(PROVIDED DATA):
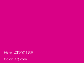 Hex #d90186 Color is a normal magenta color and the nearest color is Mexican Pink #e4007c. Hex code #d90186 and RGB value is rgb(217,1,134). In RGB color space, this color is composed of 85% red, 0% green, 53% blue, In CMYK color space, this color is composed of 0% cyan, 100% magenta, 38% yellow , 15% black , In HSL color space, this color has a hue angle of 323° , 99% saturation and 43% lightness.
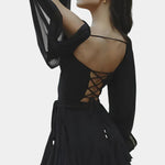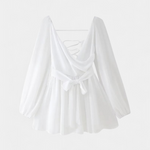 • Mangas largas semitransparentes con aberturas delicadas para un aire sutil.
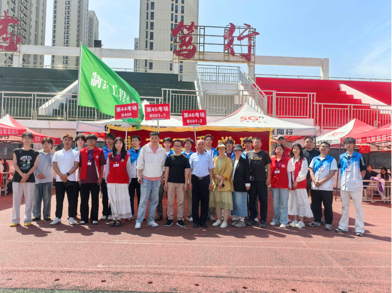 以志愿之名,扬青春之帆。在单招考试这一重要时刻,制药工程公司志愿服务队积极行动,为考试的平稳有序开展贡献力量。4 月 22 日,制药工程公司志愿服务队的志愿者们怀揣着热忱,在书记窦传斌、经理吕玮的带领下赶赴郑州校区,全身心投入到助力单招考试的工作当中。
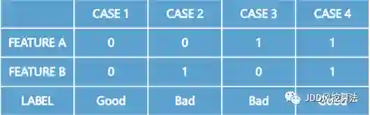一方面,联邦学习理论上是可以获得最优解的,通过梯度下降迭代过程,可以实现联邦间的特征组合和交叉建模,从而解决如“异或”这样的非线性问题,这等价于把数据拼到一起后进行机器学习的效果。异或问题如下表所示:
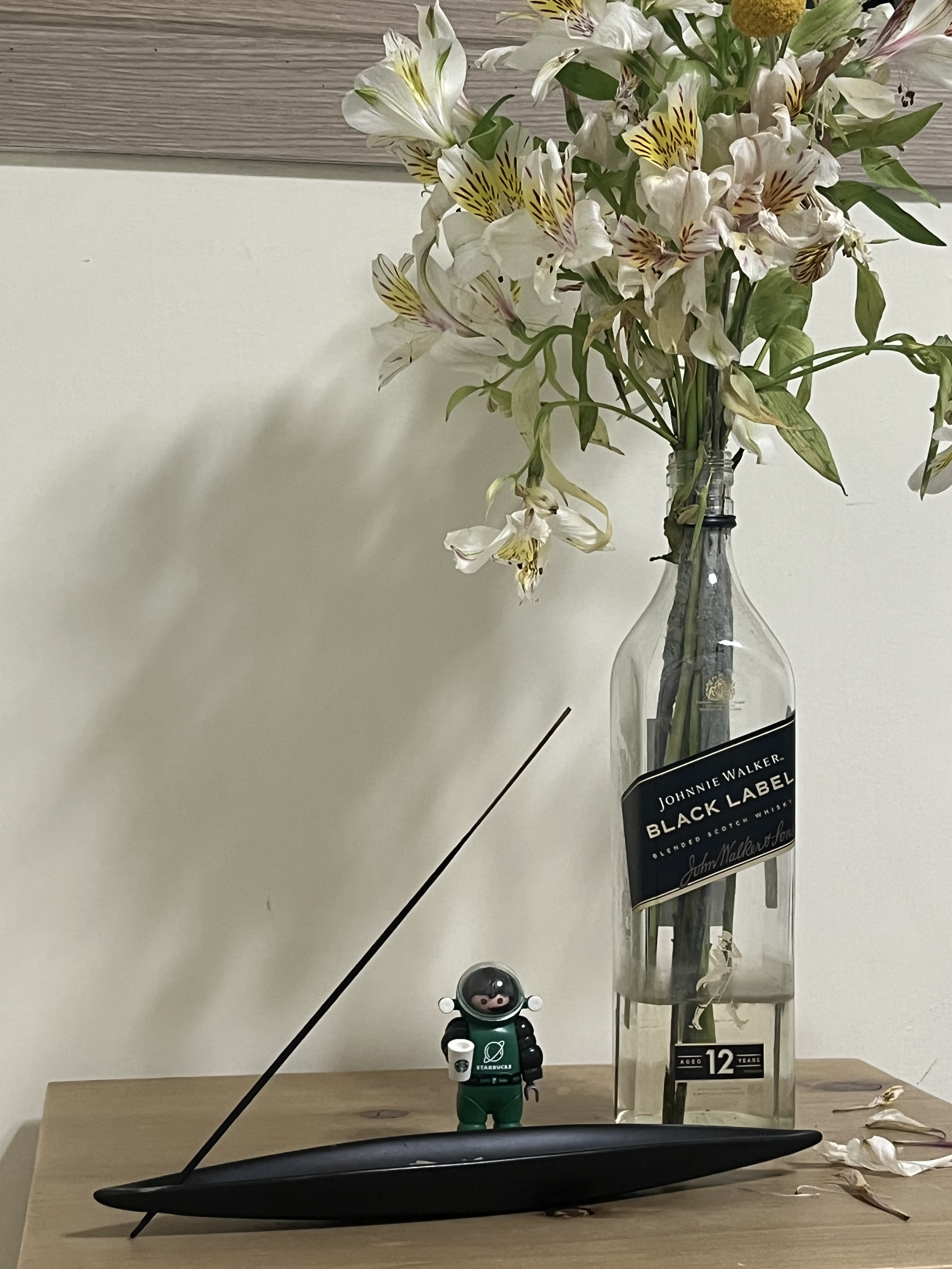 술을 좀 줄이겠다는 의미로 위스키병에 꽃을 꽂아봤다. 초록색 물체는 내가 제일 좋아하는 '스타우즈'다. 이사올 때 쓸쓸할 것 같아서 데려왔는데 데려오길 잘했다. 앞으로도 같이 잘 살아보자고 친구여.

(BRIEF): Write out all of the data above exactly, pictures excluded.

(ANSWER):
 Hex #d90186 Color is a normal magenta color and the nearest color is Mexican Pink #e4007c. Hex code #d90186 and RGB value is rgb(217,1,134). In RGB color space, this color is composed of 85% red, 0% green, 53% blue, In CMYK color space, this color is composed of 0% cyan, 100% magenta, 38% yellow , 15% black , In HSL color space, this color has a hue angle of 323° , 99% saturation and 43% lightness.
 • Mangas largas semitransparentes con aberturas delicadas para un aire sutil.
 以志愿之名,扬青春之帆。在单招考试这一重要时刻,制药工程公司志愿服务队积极行动,为考试的平稳有序开展贡献力量。4 月 22 日,制药工程公司志愿服务队的志愿者们怀揣着热忱,在书记窦传斌、经理吕玮的带领下赶赴郑州校区,全身心投入到助力单招考试的工作当中。
一方面,联邦学习理论上是可以获得最优解的,通过梯度下降迭代过程,可以实现联邦间的特征组合和交叉建模,从而解决如“异或”这样的非线性问题,这等价于把数据拼到一起后进行机器学习的效果。异或问题如下表所示:
 술을 좀 줄이겠다는 의미로 위스키병에 꽃을 꽂아봤다. 초록색 물체는 내가 제일 좋아하는 '스타우즈'다. 이사올 때 쓸쓸할 것 같아서 데려왔는데 데려오길 잘했다. 앞으로도 같이 잘 살아보자고 친구여.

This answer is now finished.